Reassessing the wisdom of proceeding with the reforms – including their controversial race-based divide in creating a separate Māori Health Authority – should also be a priority in 2022.
At the same time, a coherent plan for dealing with the country’s critical mental health must be developed. And it must be implemented.
Increasing political polarisation should also be raising alarm bells in the Beehive. A good deal of this can be blamed on unpopular but unavoidable pandemic policies. But the Government would be unwise to dismiss the problem too quickly.
The Ardern Government’s increasingly race-based policies – including in health, education and the RMA – strike at the heart of New Zealand’s identity.
Rather than uniting the country around the Government’s vision of “partnership,” the Government’s policies may end up dividing it. Before continuing with its agenda, the Government should seek a mandate from the electorate.
At the very least, it must engage the rest of New Zealand in the He Puapua consultations it currently has under way with iwi.
There is one big issue the Government should not have to worry about in 2022: climate change.

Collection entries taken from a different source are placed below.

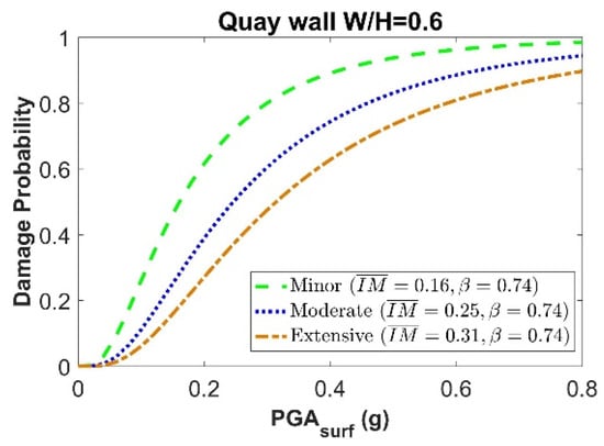 Figure 13. Fragility curves in terms of PGAsurf for the quay wall configuration with a W/H ratio equal to 0.6 due to the combined effects of ground shaking and liquefaction.
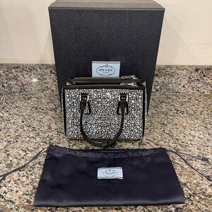 Prada Satin Crystal Mini Galleria Double Zip Tote Metal in Box SPB-JB 334867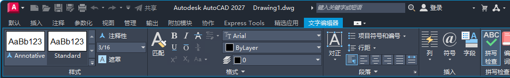 对于在 Windows 操作系统上运行的产品,工作空间是指功能区选项卡和面板、菜单、工具栏和选项板的集合,它可为您提供一个自定义、面向任务的绘图环境。您可以通过更改工作空间,更改到其他功能区。在状态栏中,单击“切换工作空间”,然后选择要使用的工作空间。例如,下面是 AutoCAD 中可用的初始工作空间。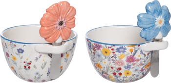 Elevate your spring gatherings with the delightful Dolomite Bowl with Floral Spreader Set of 2. This charming tabletop bowl set features a vibrant multicolored design that adds a cheerful touch to any table setting. Crafted from durable ceramic, each bowl is perfect for serving salads, snacks, or decorative items, while the included floral spreader makes it easy to serve spreads or dips. With a generous capacity of 10, these bowls are ideal for entertaining guests or adding a pop of color to your home decor. Measuring 5.5 inches in length, 4.75 inches in width, and 3.5 inches in height, they are perfectly sized for both casual and festive occasions. Whether you're hosting a spring brunch or looking for a thoughtful gift, this set combines functionality with a playful aesthetic.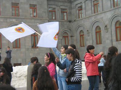 למחרת ירד שלג. עליתי להר שמעל העיר שצפה על העיר והר אררט שמעבר לגבול התורכי. למרות השלג באו אלפי אנשים וצעדו לעבר האנדרטה ואש הזיכרון והניחו אלפי פרחים לקול מוזיקה מיוחדת . אני צעדתי עם דגל ישראל. ביקשו מימני לדבר לטלוויזיה , אמרתי שאני באתי לזהות עם סבל עמם וגם לעמנו הייתה שואה .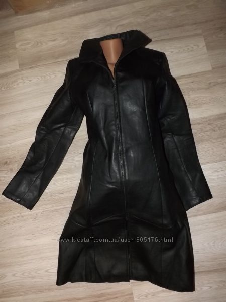 Плащ виготовлений із якісного шкір-замінника. Розмір пише 46.Див.заміри. Стан хороший. Із дефектів: в середині біля рукавів трішки розійшлась підкладка. І на замку трішки є брак, застібається добре, і не замітно. На сезон весна,осінь.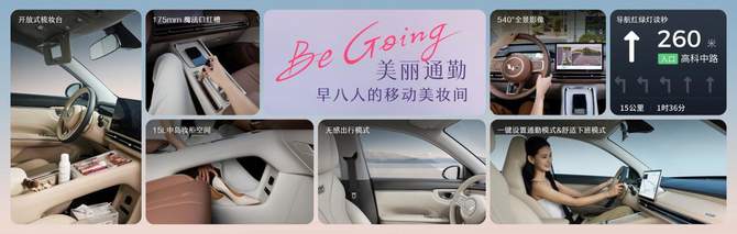 针对职场女性的通勤场景,缤果S贴心打造兼具美感与松弛感的移动空间。上车系好安全带,车辆自动开启空调及预设的通勤导航,直达公司;下班一键切换舒适回家模式,空调与回家路线同步就绪,红绿灯读秒、540°全景影像让行车停车得心应手。贴心的开放式补妆梳妆台、175mm专属口红槽、化妆镜与补光灯等,通勤路上随时保持精致状态。15L中岛妆柜巧妙设计分层空间,包包、高跟鞋都能轻松收纳。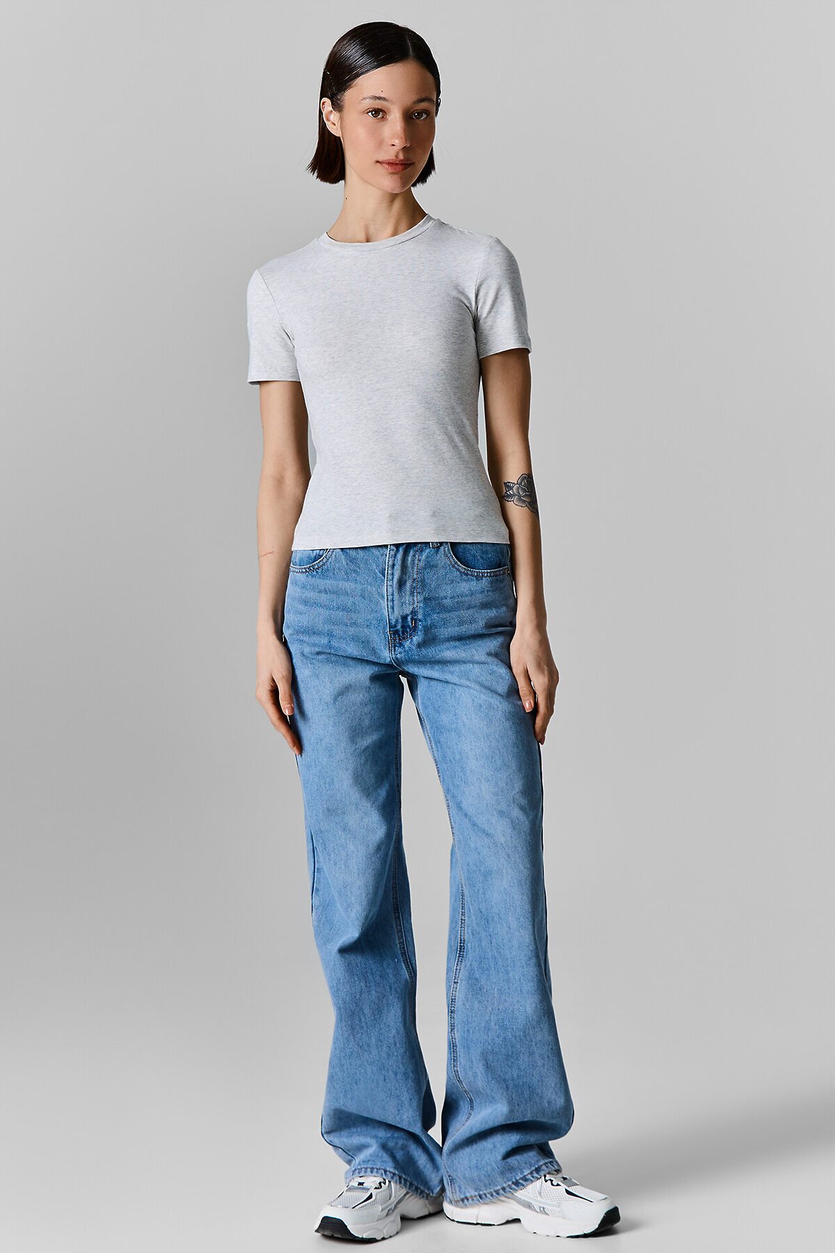 Джемпер прилегающего силуэта. Перед и спинка цельнокроеные. Рукава короткие, втачные. Горловина обработана обтачкой из основного полотна. Низ и рукава вподгибку. Навесной ярлык premium base по заданию.

Not because climate change is not a problem. It is. But, thanks to Climate Change Minister James Shaw, New Zealand now has one of the world’s best emissions trading schemes.
The ETS caps the country’s net emissions and sets a pathway to achieving net zero by 2050. Agriculture aside, the big job has been done. Combining the ETS with policies like the feebate scheme or other biofuel regulations is simply costly gold-plating. In 2022 the Government must shift its focus to policy areas where reform can make a difference.
During the last two years, pandemic policies have eclipsed all else. To date, the Government has used the trump card of New Zealand’s geographic isolation effectively. With Kiwis set to re-join the rest of the world, solving 2022’s other challenges will need some new tricks.
– Roger Partridge is chairman and senior fellow at The New Zealand Initiative.